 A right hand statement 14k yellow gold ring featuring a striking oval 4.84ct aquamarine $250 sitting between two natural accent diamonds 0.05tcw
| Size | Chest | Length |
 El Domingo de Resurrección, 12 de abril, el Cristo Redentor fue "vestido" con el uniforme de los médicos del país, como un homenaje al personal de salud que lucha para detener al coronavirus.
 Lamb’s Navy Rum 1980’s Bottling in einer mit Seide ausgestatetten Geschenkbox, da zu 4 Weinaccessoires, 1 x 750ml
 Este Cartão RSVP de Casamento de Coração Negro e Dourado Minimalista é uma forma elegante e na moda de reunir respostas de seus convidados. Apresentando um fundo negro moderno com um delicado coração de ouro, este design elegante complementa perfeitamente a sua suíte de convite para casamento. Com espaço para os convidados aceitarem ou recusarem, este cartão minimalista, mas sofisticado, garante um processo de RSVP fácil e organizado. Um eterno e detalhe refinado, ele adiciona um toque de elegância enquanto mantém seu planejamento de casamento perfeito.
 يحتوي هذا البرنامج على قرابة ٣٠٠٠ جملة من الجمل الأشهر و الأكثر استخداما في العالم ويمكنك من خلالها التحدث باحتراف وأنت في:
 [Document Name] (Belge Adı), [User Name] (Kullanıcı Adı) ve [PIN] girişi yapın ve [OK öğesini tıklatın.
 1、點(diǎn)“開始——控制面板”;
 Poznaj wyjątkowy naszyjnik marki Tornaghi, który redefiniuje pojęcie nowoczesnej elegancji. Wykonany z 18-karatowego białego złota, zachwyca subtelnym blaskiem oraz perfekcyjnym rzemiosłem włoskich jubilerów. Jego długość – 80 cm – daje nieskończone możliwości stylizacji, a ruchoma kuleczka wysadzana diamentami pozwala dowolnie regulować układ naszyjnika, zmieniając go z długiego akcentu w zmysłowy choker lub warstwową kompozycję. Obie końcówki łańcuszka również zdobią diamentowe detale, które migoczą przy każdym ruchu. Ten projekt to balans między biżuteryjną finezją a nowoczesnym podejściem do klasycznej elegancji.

* * *

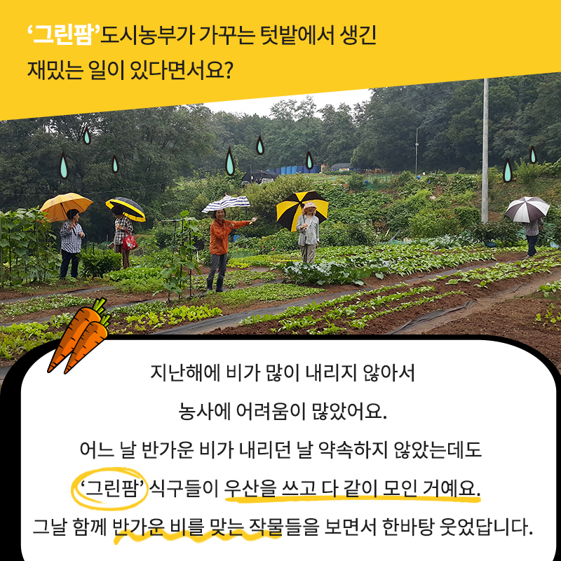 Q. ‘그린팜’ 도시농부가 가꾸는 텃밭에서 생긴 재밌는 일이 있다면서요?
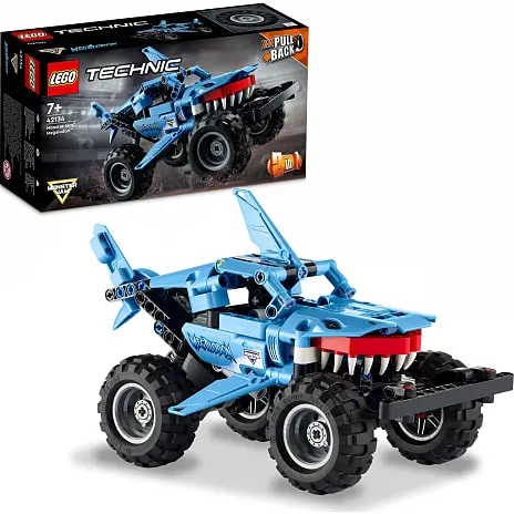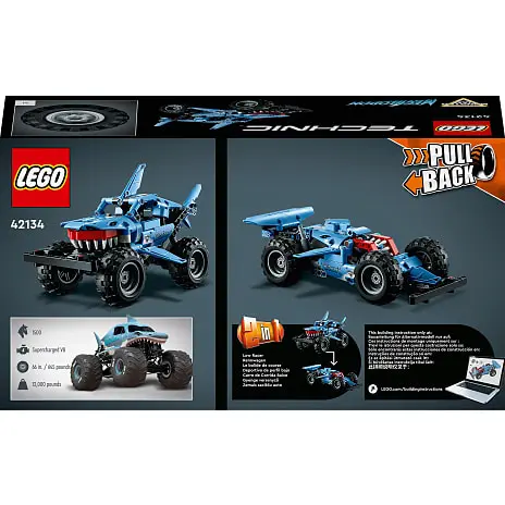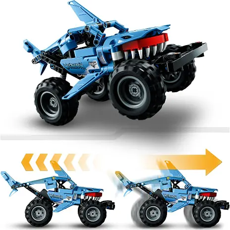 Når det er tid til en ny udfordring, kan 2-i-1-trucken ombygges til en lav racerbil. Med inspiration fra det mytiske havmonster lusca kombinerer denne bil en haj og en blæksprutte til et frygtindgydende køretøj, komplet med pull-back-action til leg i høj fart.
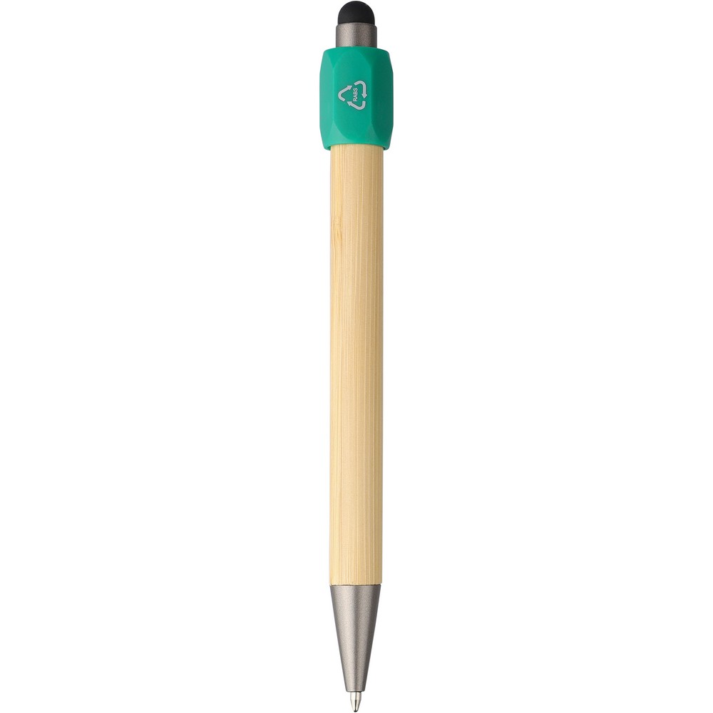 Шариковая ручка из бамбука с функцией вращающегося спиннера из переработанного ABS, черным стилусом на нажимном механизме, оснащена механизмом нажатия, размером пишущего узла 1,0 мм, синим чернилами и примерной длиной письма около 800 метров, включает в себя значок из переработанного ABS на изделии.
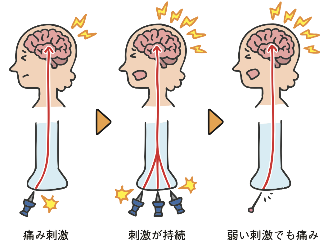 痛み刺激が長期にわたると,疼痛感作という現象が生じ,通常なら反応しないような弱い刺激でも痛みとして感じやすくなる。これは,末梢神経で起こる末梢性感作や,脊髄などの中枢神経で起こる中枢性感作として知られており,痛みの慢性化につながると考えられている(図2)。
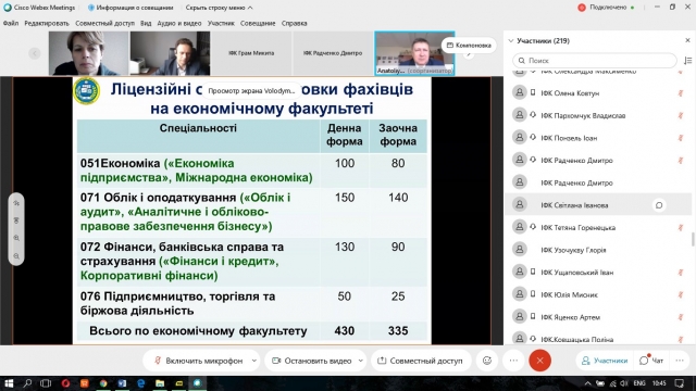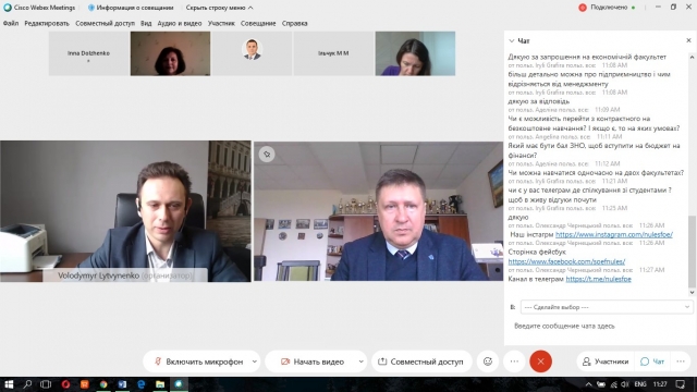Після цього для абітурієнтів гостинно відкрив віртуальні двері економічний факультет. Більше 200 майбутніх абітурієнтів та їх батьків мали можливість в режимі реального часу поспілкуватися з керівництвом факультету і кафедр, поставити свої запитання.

...

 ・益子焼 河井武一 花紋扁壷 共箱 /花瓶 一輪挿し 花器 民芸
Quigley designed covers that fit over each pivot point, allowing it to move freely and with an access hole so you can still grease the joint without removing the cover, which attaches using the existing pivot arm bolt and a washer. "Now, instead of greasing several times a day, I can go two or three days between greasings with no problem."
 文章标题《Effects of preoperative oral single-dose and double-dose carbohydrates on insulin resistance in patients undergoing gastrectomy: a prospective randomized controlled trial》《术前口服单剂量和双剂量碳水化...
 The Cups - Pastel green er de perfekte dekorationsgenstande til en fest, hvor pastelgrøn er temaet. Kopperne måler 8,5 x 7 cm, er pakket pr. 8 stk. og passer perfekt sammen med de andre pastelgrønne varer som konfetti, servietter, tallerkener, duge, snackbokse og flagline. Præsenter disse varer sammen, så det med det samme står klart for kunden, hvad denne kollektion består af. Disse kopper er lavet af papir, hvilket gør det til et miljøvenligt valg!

## TASK REQUIREMENTS
Extract, without any images, the part of the material above that opens with the line containing "Шариковая ручка из" and closes with the line containing "Після цього для", both lines included.

## RESPONSE TO THIS TASK
 Шариковая ручка из бамбука с функцией вращающегося спиннера из переработанного ABS, черным стилусом на нажимном механизме, оснащена механизмом нажатия, размером пишущего узла 1,0 мм, синим чернилами и примерной длиной письма около 800 метров, включает в себя значок из переработанного ABS на изделии.
 痛み刺激が長期にわたると,疼痛感作という現象が生じ,通常なら反応しないような弱い刺激でも痛みとして感じやすくなる。これは,末梢神経で起こる末梢性感作や,脊髄などの中枢神経で起こる中枢性感作として知られており,痛みの慢性化につながると考えられている(図2)。
Після цього для абітурієнтів гостинно відкрив віртуальні двері економічний факультет. Більше 200 майбутніх абітурієнтів та їх батьків мали можливість в режимі реального часу поспілкуватися з керівництвом факультету і кафедр, поставити свої запитання.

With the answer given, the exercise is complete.